Multilevel models can be used for data with many levels, although two-level models are the most common and the rest of this article focuses on these. The dependent variable should be examined at the lowest level of analysis.
Model selection
Model selectionis the task of selecting from a set of candidate models given the data, carried out within the framework of statistical modeling. In the simplest cases, an already existing data set is considered. However, the task may also involve designing experiments so that the data collected is well suited to the model selection task. Given candidate models with similar predictive or explanatory power, the simplest model is likely to be the best choice (Occam's razor).
Konishi & Kitagawa says, "Most statistical inference problems can be considered problems related to statistical modeling." Similarly, Cox said, “How the translation of the subject matter into the statistical model is done is often the most important part of the analysis.”

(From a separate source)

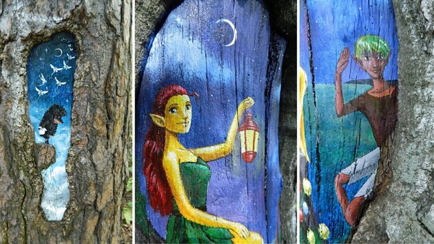 В Москве стартовала ежегодная акция по сохранению зеленых насаждений «ПаркАрт». Благодаря ей на деревьях появляются сказочные персонажи и красивые рисунки, которые радуют жителей. Впервые акция прошла в 2016 году, тогда в нем участвовали природно-исторический парк «Косинский» и Измайловский парк, лесопарки «Кусково» и Терлецкий. В этом сезоне акция охватит еще восемь зеленых территорий: к ней присоединятся парк «Кузьминки-Люблино», музей-заповедник «Царицыно», Москворецкий парк, природно-исторический парк «Тушинский», заказники «Алтуфьевский», «Лианозовский» и «Медведковский», а также усадьба Архангельское-Тюриково. О том, как зародилась акция «ПаркАрт» и как красивые рисунки помогают спасать деревья, mos.ru рассказали художники и экологи. Как природоохранная процедура превратилась в арт-проект У рисунков не только эстетическая функция — они помогают защитить пострадавшие деревья от гибели. Художники рисуют только на тех деревьях, на которых под воздействием внешних факторов образовались морозобоины — дупла или участки ствола без коры. Появлению новой картины предшествует большая работа. Ежегодно с наступлением весны в парках проводят инвентаризацию: специалисты осматривают деревья, ищут трещины от мороза, дупла и оголенные участки. Повреждения зачищают наждачной бумагой и дезинфицируют, покрывают «раны» водоотталкивающей грунтовкой — она не позволяет приникнуть внутрь спорам грибов, бактериям и паразитам. Получается защитный слой, который продлевает жизнь деревьям, не дает им гнить и разрушаться. На месте «раны» возникает белая ровная поверхность — настоящий холст, который так и просит, чтобы его разрисовали. Было лишь делом времени, чтобы на такую возможность обратили внимание художники. Начальник отдела экологического просвещения и учета животных дирекции природных территорий «Измайлово» и «Косинский» Юлия Нефедова вспоминает, как в 2016 году родилась акция «ПаркАрт». «Первым нашим художником стала Евгения Хлынина. Она подала нам идею для организации природоохранной акции. Художница предложила разрисовать белое полотно (пролеченное дерево) чем-нибудь приятным для глаз, чтобы люди проходили мимо и получали удовольствие. Евгения очень талантливая и создает бесподобные картины. Например, одна из первых ее работ — “Ежик в тумане”. Еще она рисовала эльфов», — рассказывает Юлия Нефедова. Чтобы люди смотрели и улыбались Художник-мультипликатор Евгения Хлынина поначалу не решалась рисовать на деревьях. Но однажды увидела в интернете статью про китайскую девушку, которая занималась этим. «В первый раз я пошла рисовать в парк без разрешения. К счастью, администрация смогла быстро найти меня через интернет. Мне разрешили рисовать и рассказали, как обрабатывать дерево перед покраской. Сначала нужно обработать морозобоину специальным защитным составом и только потом наносить рисунок. Так я и делала», — вспоминает художница. Одним из первых рисунков стал герой «Ежика в тумане». «Я художник-мультипликатор, и “Ежик в тумане” — один из моих любимых мультфильмов. Я выбрала этого героя для своего первого рисунка, потому что его все знают, он всем нравится. Я решила, что для наших людей Ежик родной, знакомый с детства. Боялась, что рисунок будут портить какие-нибудь нехорошие люди, и подумала, что на Ежика у них рука

Model selection can also refer to the problem of selecting a few representative models from a large set of computational models for decision or optimization purposes under uncertainty.
Graphic patterns
Graphic model, or probabilistic graphic model, (PGM) or structured probabilistic model, is a probabilistic model for which the graph expresses the structure of a conditional relationship between random variables. They are commonly used in probability theory, statistics (especially Bayesian statistics), and machine learning.
Econometric models
Econometric models are statistical models used ineconometrics. An econometric model defines the statistical relationships that are believed to exist between various economic quantities related to a particular economic phenomenon. An econometric model can be derived from a deterministic economic model that takes into account uncertainty, or from an economic model that is itself stochastic. However, it is also possible to use econometric models that are not tied to any particular economic theory.